私達は撫山教授に別れの挨拶を済ませると、撫山教授の個室を出た。

 

私達(=ヨメンズ、孝)は事務棟に向かった。

 

 

 

 

 

優子は事務棟で入校許可証を返却し、臨時立ち入り証を受け取った。

 

今日は臨時立ち入り証を持って、歩いてセキュリティゲートに行き、守衛に渡して学外に出なければならない。

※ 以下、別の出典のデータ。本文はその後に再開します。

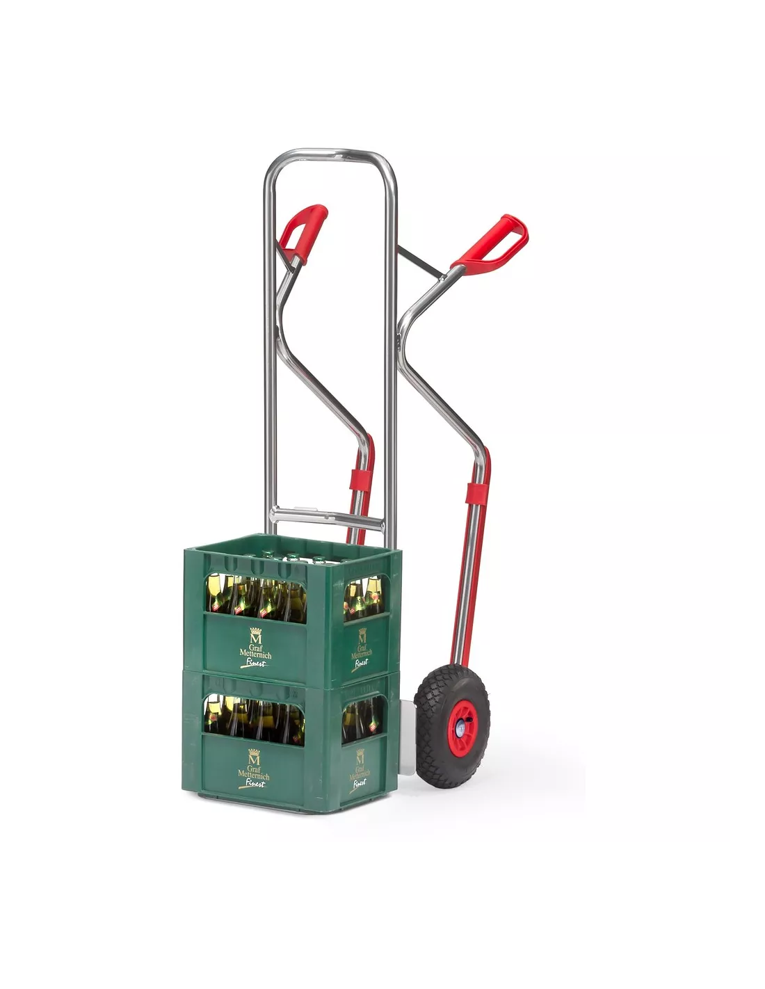 Ensemble mécano-soudé en aluminium. Soigneusement soudé sans revêtement, léger et maniable. Poignées de sécurité en plastique dur et patins amovibles. Tablier cintré permettant d'embarquer des éléments ronds tels que rouleaux, bidons, seaux etc. Bavette en tôle d'alu à boulonner et remplaçable. Roues gonflables, moyeu à roulement à rouleaux. Livré avec bavette démontée.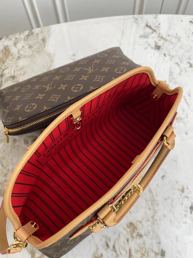 Original factory exclusive background dynamic chip top-grade original single 163 variable code chip, M15208 Monogram Mother-Daughter Handbag Ever More pm. This Ever More pm handbag draws inspiration from Parisian fashion, taking its style from the flowing lines of the Alma handbag. It's crafted from the iconic Monogram canvas and embellished with decorative gold chains and cowhide trim. It also features a detachable shoulder strap, offering multiple carrying options. This tote bag is both practical and sophisticated, and includes a detachable Monogram pouch that can be used as an internal compartment or carried separately. Dimensions: 13.8 x 8.3 x 4.7 cm (Length x Height x Width).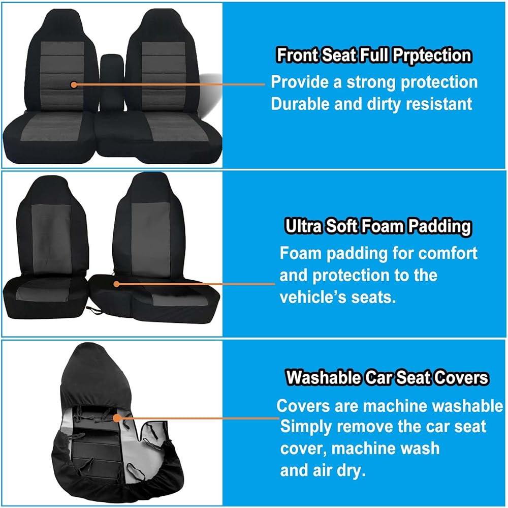 Front Car Seat Covers for 2004-2012 Chevy Colorado/GMC Canyon, Front High Back 60/40 Split Bench Seat Covers with Molded Headrests, Opening Center Console and Foam Seat Cusion, Exact Fit
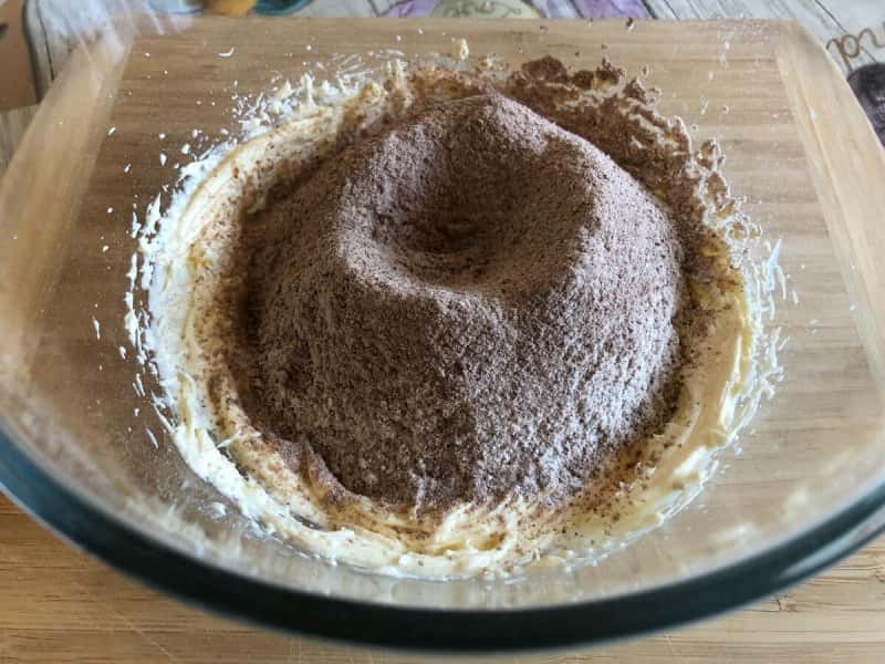 Борошно змішуємо з какао і розпушувачем, просіюємо до решти інгредієнтів і замішуємо тісто.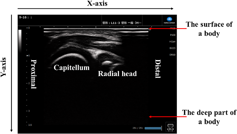 Subjects and materialsThe ultrasound images used in this experiment were taken by physicians experienced in medical check-ups of OCD using the five ultrasound systems shown in Table 1. The ultrasound images of the elbow were taken in the lateral posterior long-axis directions. Figure 1 shows ultrasound images of the elbow, where the humeral capitellum of the elbow is located on the x-axis and y-axis. The upper side of the image represents the surface of a body; while, the lower side represents the deeper part of the body (Table 2).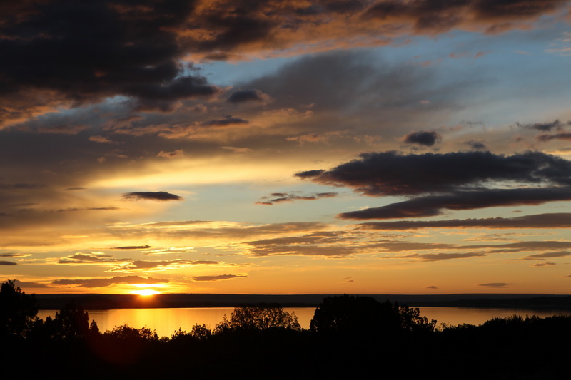 Our campsite here is stunning — according to the park ranger, it is the most coveted spot of all and is booked solid for the next four months (Site 051 on Buffalo Grove — book early if you are coming this way!). It looks out on a Cochiti Lake, in a high desert environment. The dominant vegetation is scrubland, but it has a beauty that is unique. Low dark green bushes grow in random clumps but seem almost intentionally placed, like polka dots on dotted swiss. When we arrived at about 2 pm, the sun was blasting but the temperature was only 80 with a strong wind. It rained for about two seconds — the drops evaporated as soon as they hit the ground. I made Brad play a game of Canasta with me — we disguised our G&Ts in Turvis tumblers and sat inside with visions of impending doom in the backs of our minds the whole time. But no-one came to smell our breath, so we are good to go. Jenny — you won’t believe this, but the game was neck and neck until the last hand in which I got 4 red threes, 2 red canastas, and 1 black canasta! I am red hot!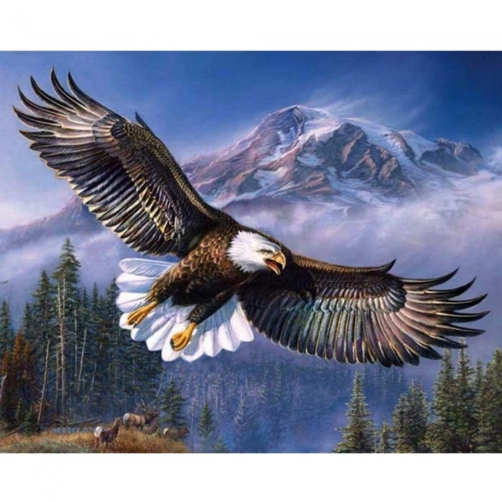 Kanvas Sayılarla Boyama Seti Kasnaklı-çerçeveli Gökteki Kartal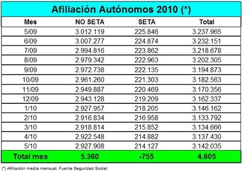 Más Información | Seguridad Social - Informe de afiliación 05-2010 En Pymes y Autónomos | Afiliación de autónomos a la Seguridad Social

そう、、、5年前の卒業式のように(第118話)。。。

 

今日、セキュリティゲートをくぐり抜ければ、特別な許可がなければ、優子はI大には入ることができないのだ。。。

 

 

 

優子は論文投稿のため、何度かI大に通う予定だ(第188話)。

 

その都度、撫山教授から、臨時立ち入り証を発行してもらう予定だ。

 

でも、入校許可証を返却し、臨時立ち入り証を受け取った優子は心なしか寂しそうだった。

 

というのも、専ら、オンライン会議で対応する予定で、明日以降、I大に来るのは数回程度になる見込みだからだ。。。

 

 

 

 

 

孝も事務棟で、共同住宅の鍵を返却した。

そして、教職員用の入校許可証を返却した。

だって、明日から、I大の助教ではないのだから。。。

 

もちろん、明日からは非常勤講師としてI大に通う予定だ。

だから、臨時教職員用の入校許可証を受け取った。

 

ただし、孝も授業がある日以外の大学の立ち入りはできなくなる。

授業がある日以外の大学の立ち入り、たとえば共同研究で臨時に立ち入りが必要な場合は、その都度、撫山教授が臨時立ち入り証を発行する。

 

 

 

 

 

私は、まだ4月はI大学の博士課程3年なので、今日は入校許可証は返却不要だ。

 

でも、、、来年は返却しなくてはならない。。。

 

 

 

 

 

瀬名はそもそもI大学の付属学校教員なため、付属学校から入校許可証を受領済だ。

 

 

 

 

瀬名は付属学校の教職員用の駐車場から、自分の車を取りに行った。

 

私、優子、孝はセキュリティゲートへ歩いて行った。セキュリティゲート先のロータリーで、瀬名の車に乗る予定だ。

 

ああ、私と優子の車はすでにNOH大の共同住宅の駐車場にある。

だって、すでに引っ越しは済ませてあるから。。。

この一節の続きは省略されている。